Lovely to see @LandoNorris who stopped to say hello during Practice 💙 pic.twitter.com/vQWH8Yy843
— Carlin (@CarlinRacing) May 20, 2021
That is almost certainly linked to how Norris builds his confidence. In the Zak Brown/Andreas Seidl McLaren era, Norris has all the support he could ask for. But he doesn’t need to be coddled, and says he isn’t.
“Some people don’t feel like they want support, they feel like they can do it all alone, and you get some drivers who feel like they need lots of support and they need all the confidence from every person around them possible,” he says.
“I would say I’m kind of in the middle. I love doing a lot of things alone, and being a very negative guy and trying to work on myself a lot. I feel like I can do a lot by complimenting myself and being negative about myself and I can learn a lot from just doing that.
“But then also [it is beneficial] having your people around you. And the guys you need to look good in front of are your bosses – having them support you in the tough times and criticise you when you need to be criticised.
“It’s not all about just trying to make you feel good. I still feel pressure from them, so it’s not like it’s easy and I feel like we’re best mates and I can get away with everything.
“They are still my bosses and I don’t want to make mistakes, I don’t want to make them look bad and I’ve still got a job at the end of the day where I have to perform and go out and do a very good job.
“I still get the pressure from them that I have to go and achieve all of those things. But it’s also support in those tougher times, or the times you struggle, or the times you need that kick up the arse to go and do a better job in whatever area – they give you that.”
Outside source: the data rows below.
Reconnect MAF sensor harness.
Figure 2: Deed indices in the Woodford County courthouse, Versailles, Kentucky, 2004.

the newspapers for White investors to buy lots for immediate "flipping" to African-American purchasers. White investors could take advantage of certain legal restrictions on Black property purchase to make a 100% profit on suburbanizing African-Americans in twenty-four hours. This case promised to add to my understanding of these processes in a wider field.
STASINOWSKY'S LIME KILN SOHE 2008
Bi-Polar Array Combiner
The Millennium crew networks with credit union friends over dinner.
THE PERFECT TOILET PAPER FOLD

We often talk about marginal gains in F1. Subtle improvements can have a big impact and a lot of factors need to combine nicely to get the absolute best out of a driver.
That’s what Norris’s splendid season is proving. The stars are perfectly aligned. He has a team that is gradually moulding itself around him (it’s inevitable as the incumbent driver who is also leading the charge), he has the best car he’s ever driven in F1, he is building experience, he is happy and he is performing well as a result.
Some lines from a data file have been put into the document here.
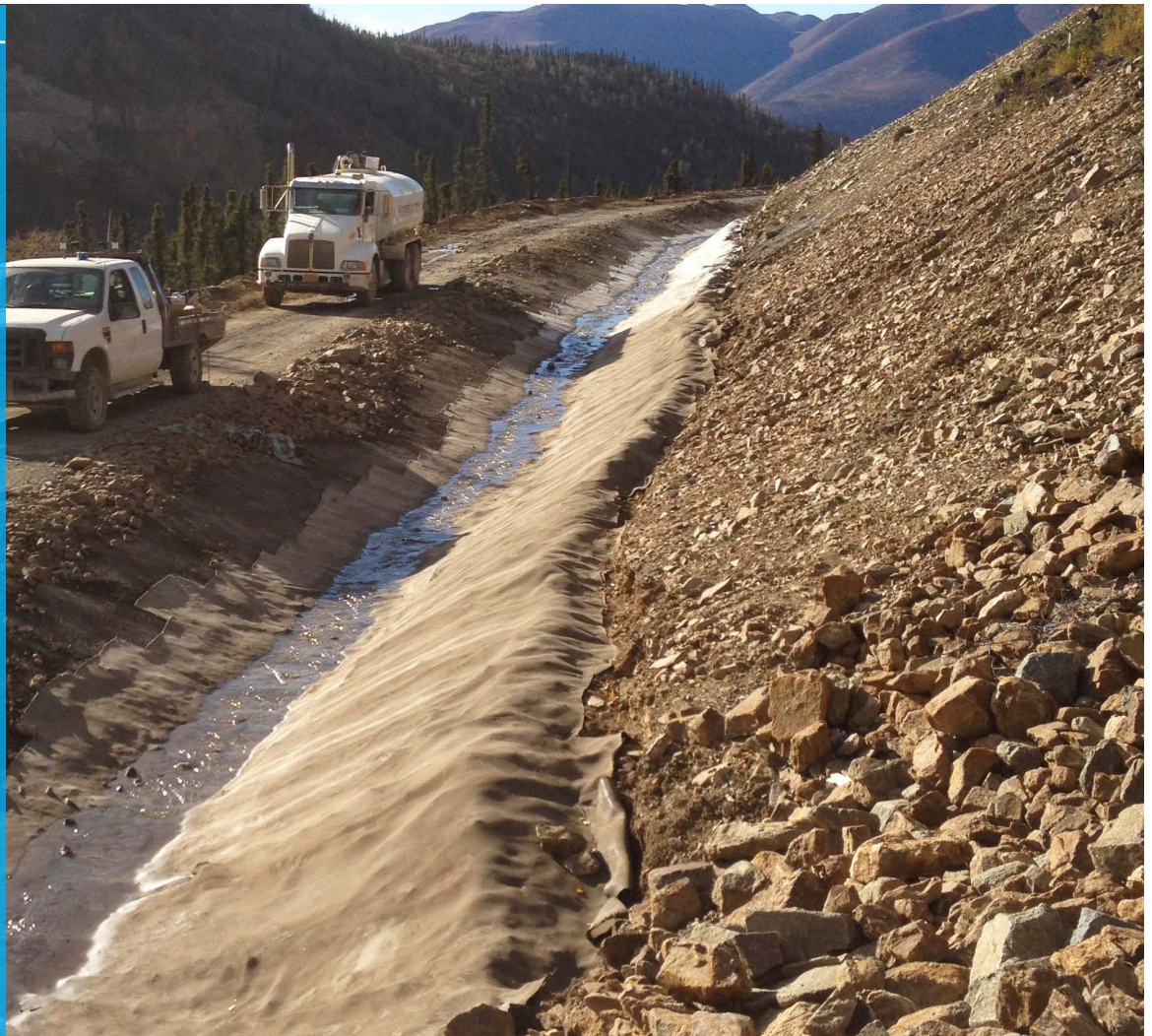
Completed section of ditch

CC5™ and CC8™ used to remediate a dilapidated shotcrete drainage ditch
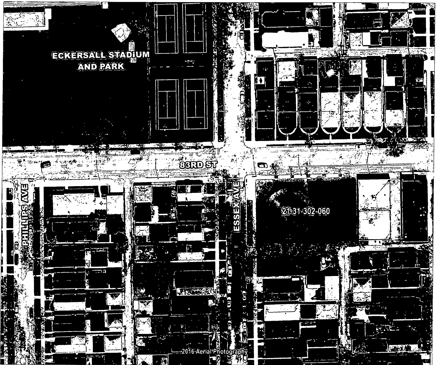
Enhanced Aerial Photograph

2501-2515 E. 83rd Street (PIN 21-31-302-060)
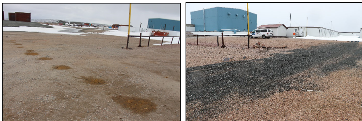
Piksa 19: hivuagut (2018) talvanilu ahiagut (2019) halumaktitauvaktunik hiamihimayunik

Uvani 2018 tamna havaktitauvaktunik havakhautikhanik havakgufuuktunik nayugainik, tamna Munahiyat Havaktitauyuk ilitugihimayuk aah atadjutigigitunik pikatakhimayunik 11 nik hiamiyauhimagayunik ilihimanaitumik taimani, alguyanik hiamihimayunik, hungnavulungnik atugakhanik kimaktauhimayunik. Talvunalu auyami 2018 hiamiyauhimagayunik halumaktitauvaktunik (Piksa 19) pihimayunik avaaliktauhimayunik atukhimayunik halumakhiktauvaktunik tahapkuat takuhimayait halumaktikhikhimayunik tahapkunanga puulakpaktunik Nunavut Aviktulikiyit Katimayit (NIRB) havakatigikpaktunik uvani 2019.
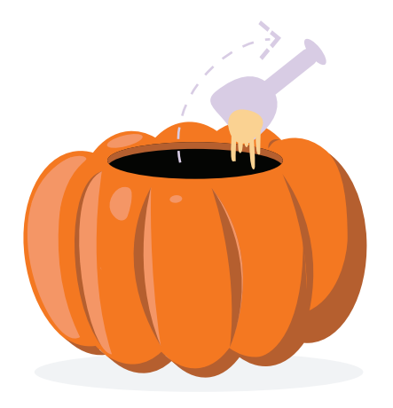
Step 2: Scoop and clean Remove the seeds and strings from inside the pumpkin using the scoop.
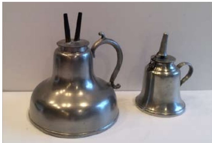
Figure 2 Two marked Marston Baltimore lamps.
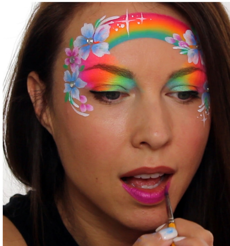
4 - No. 1 Liner Brush - Place white teardrops around the design in groups of 3 or 5. Add star bursts and dots to the rainbow and cheek. Stick small gems to the centre of each flower. Add lipstick
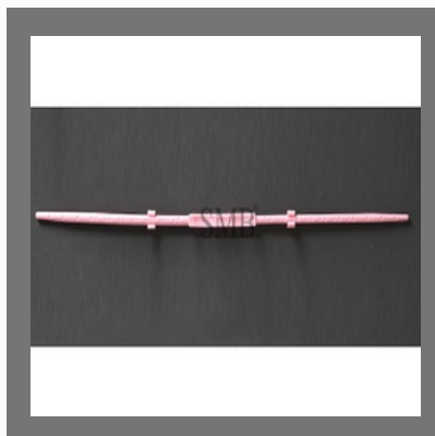
SMB Double Sided Probe With Cursor

Oh, and he’s raced Hamilton so hard in a grand prix he sparked a mid-race compliment from the seven-time world champion. Reflecting on that Austrian Grand Prix battle, Norris picks up on an all-too-familiar theme: confidence.
“It is valuable,” Norris reflects on that Austrian Grand Prix battle. “It’s something that will definitely help me out in the future when I’m in those kinds of situations again.
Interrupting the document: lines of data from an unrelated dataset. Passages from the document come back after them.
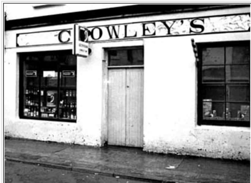
Crowley's Bar, Kenmare, in the 1980s: location of the session.

Transcriptions and text © Paul de Grae 2018.
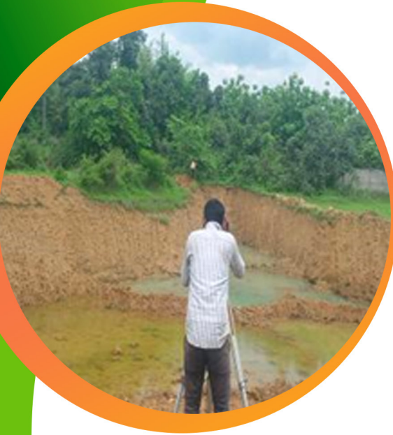
Village pond construction area mapped by surveyor after excavation
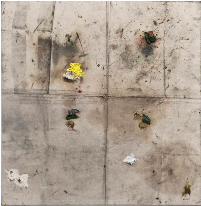
OSCAR MURILLO Untitled, 2011 Estimate £20,000 - 30,000
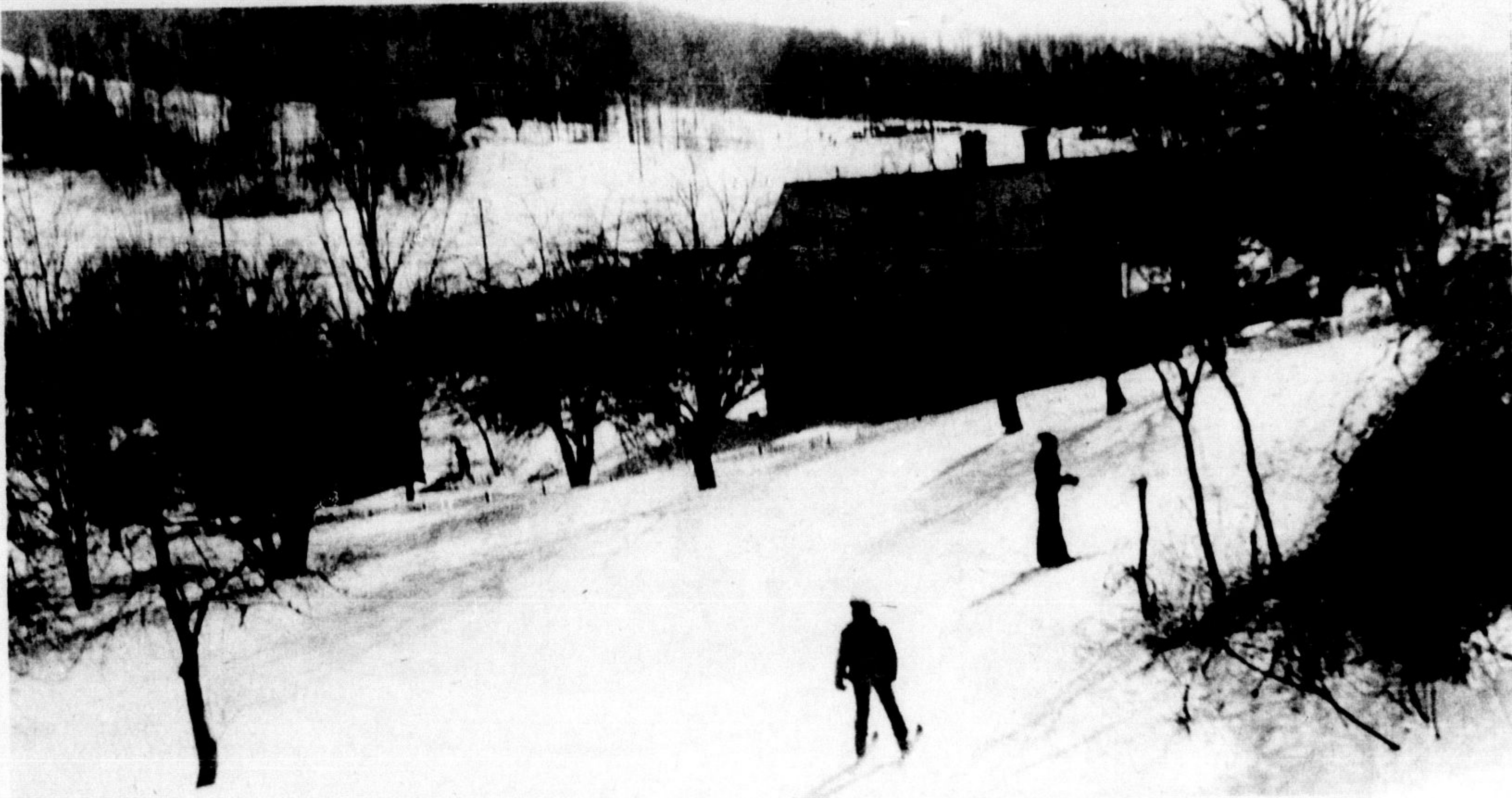
SKIERS WERE TREATED to an excellent view as well as fine conditions Sunday at the regional winter carnival.
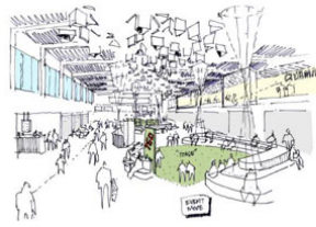
Urban Common in Event Mode
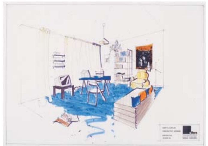
André Korpys and Markus Löffler Conspirative Housing Concept "Spindy," 1998 (detail)

Rather than representing specific members of the RAF or their terrorist acts, however, Korpys and Löffler chose to explore a specific apartment space once inhabited by the RAF. The two artists researched a known terrorist hideout in Hannover, taking photographs from the outside and drawing their own maps of the apartment from police photographs. The artists hired an interior design firm to translate the apartment into a contemporary space with stylish 1990s furniture and movie posters. Korpys and Löffler then built a model of this fictional apartment and demolished it—documenting the destruction with photographs of the debris. The accompanying artists' book is composed of reproductions of the police photos, the artists' drawings, an inventory of the furniture and objects in the original RAF apartment, and police reports and newspaper clippings relating to RAF activity—some of which may be fakes inserted by the artists.
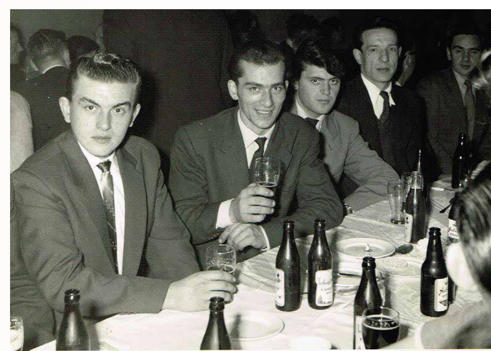
Social club drinkers

Horseshoes from the last pit ponies were used to make the annual Bowls Trophy.
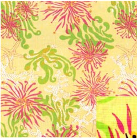
Bimini in Dandelion 2011100-407

This signature touch, which also appears in the fashion line, is the hallmark of an authentic Lilly Pulitzer-designed fabric. This little detail, a tradition for decades of prints, brings the brand to life in a truly original way.
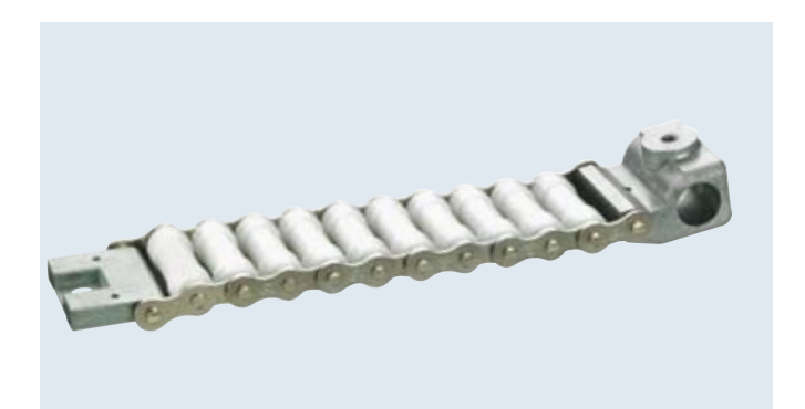
Special chain with nickel-plated pins and plates, wide plastic rollers and special attachments Application: Printing industry
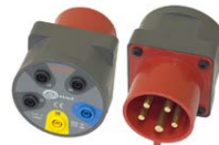
Three-phase socket adapter 16 A / 32 A
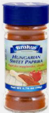
HUNGARIAN SWEET PAPRIKA SŁODKA WĘGIERSKA PAPRYKA 1.76 oz | 50 g | 6 units UPC# 820213136187

“It’s just reassuring to know that if I am there in the future, if I am in that position again, that I’m able to compete there and be able to beat him in different scenarios and so on.
“It doesn’t make me believe all of a sudden I can win races and I can achieve greatness or whatever. It doesn’t change like that. It’s just when I’m in that position again I know what I’m capable of doing against someone like Lewis.
“I don’t think the fact that was Lewis changes everything and it’s like, ‘oh my god, what do I have to do now?’. It makes a very small difference because you know he’s one of the best drivers in the world, and ever in Formula 1. You know he’s going to be thinking about every opportunity on how to maximise and how to get past me. Any slip up I have makes me more vulnerable than if I’m racing against probably anyone else in that situation.
“It just forces you to be even more perfect, to concentrate even more. It’s more just reassuring and gives me good confidence in the future when I’m in that position again and I’m racing Lewis or Max or whoever that I’m comfortable and I can perform well.
“I’m not gonna say, I don’t make mistakes under pressure, because I’m sure I will. But I can perform very well and not easily make a mistake or give something up that easily.”
That kind of outlook marks a clear shift from the second-guessing that marred Norris’s rookie season in particular.
Maintaining a positive headspace is a never-ending challenge in elite sport. But F1’s most self-doubting driver’s present form is so good that even he accepts he’s exactly where he belongs.